Agron extended his rule over other neighboring tribes as well. He annexed part of Epirus, Epidamnus, and the islands of Korkyra (Corfu) and Pharos (Hvar), and garrisoned them. His state stretched from Narona in Dalmatia south to the river Aoos and Korkyra. During his reign, the Ardiaean state reached the height of its power. The Ardiaean army and fleet made it a major regional power in the Balkans and the southern Adriatic. Agron gained control of the Adriatic with his warships (lembi), a domination once enjoyed by the Liburnians. None of his neighbors were nearly as powerful. Agron gave the city of Pharos to Demetrius of Pharos to rule as its governor.

In 234 BC, the royal succession in Epirus came to an end, and a federal republic was instituted. In the south, the western part of Acarnania seceded from this arrangement. Their independence was soon threatened by the Aetolians, who began to occupy territory around the Gulf of Ambracia, including Pyrrhus' old capital, Ambracia, which forced the Epirotes to establish a new center at Phoenice. Besieged at Medion, the Acarnanians sought assistance from Demetrius II of Macedonia, who for the most of his reign had been at war with the Aetolian and Achaean Leagues. In response, the king brought Agron into the conflict. The Illyrian attack under Agron, mounted in either 232 or 231 BC, is described by Polybius:

One hundred lembi with 5000 men on board sailed up to land at Medion. Dropping anchor at daybreak, they disembarked speedily and in secret. They then formed up in the order that was usual in their own country, and advanced in their several companies against the Aetolian lines. The latter were overwhelmed with astonishment at the unexpected nature and boldness of the move; but they had long been inspired with overweening self-confidence, and having full reliance on their own forces were far from being dismayed. They drew up the greater part of their hoplites and cavalry in front of their own lines on the level ground, and with a portion of their cavalry and their light infantry they hastened to occupy some rising ground in front of their camp, which nature had made easily defensible. A single charge, however, of the Illyrians, whose numbers and close order gave them irresistible weight, served to dislodge the light-armed troops, and forced the cavalry who were on the ground with them to retire to the hoplites. But the Illyrians, being on higher ground, and charging down on from it upon the Aetolian trrops formed up on the plain, routed them without difficulty. The Medionians joined the action by sallying out of the town and charging the Aetolians, thus, after killing a great number, and taking a still greater number prisoners, and becoming masters also of their arms and baggage, the Illyrians, having carried out the orders of Agron, conveyed their baggage and the rest of their booty to their boats and immediately set sail for their own country.

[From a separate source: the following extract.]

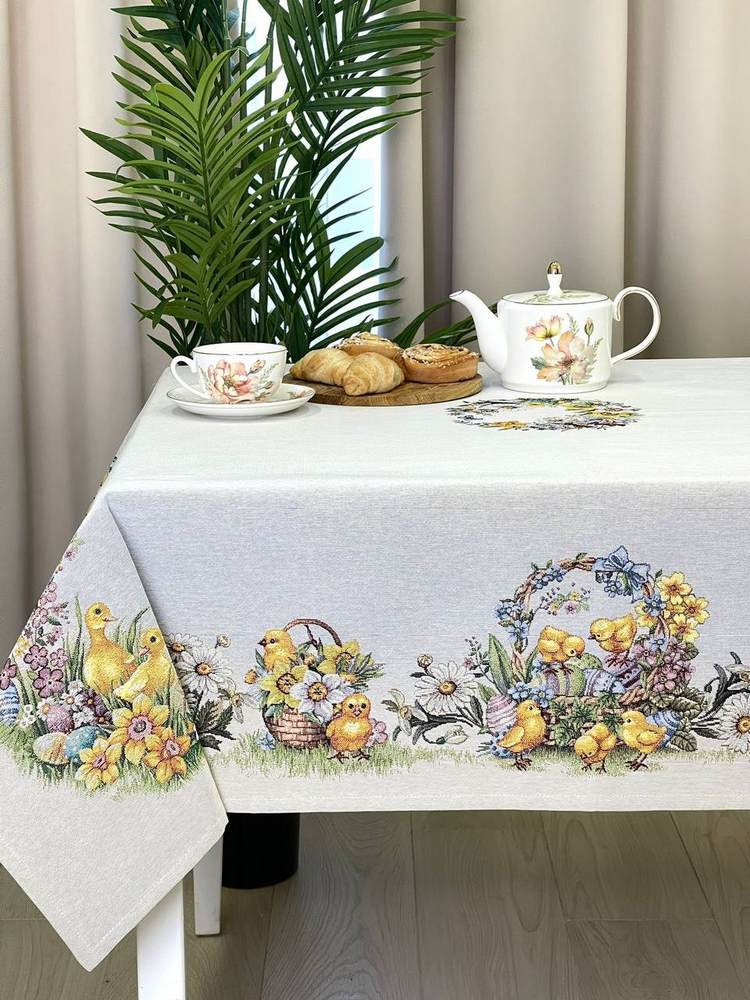 Премиальная Скатерть Le Gobelin ЦЫПЛЯТА И ФИАЛКИ 140х140 артикул 81736 купить с доставкой в Москве, цены - интернет-магазин по продаже скатертей №1 в России

The defeat of the Aetolians, famed for their victory over the invading Gauls a generation before, caused a sensation in Illyria. Agron was beside himself with delight when his ships returned and he learned of the victory from his commanders. Agron then drank so much by way of celebration, it was reported, that this and other similar indulgences, brought on an attack of pleurisy which killed him within a few days. Agron died in the winter of 231 BC.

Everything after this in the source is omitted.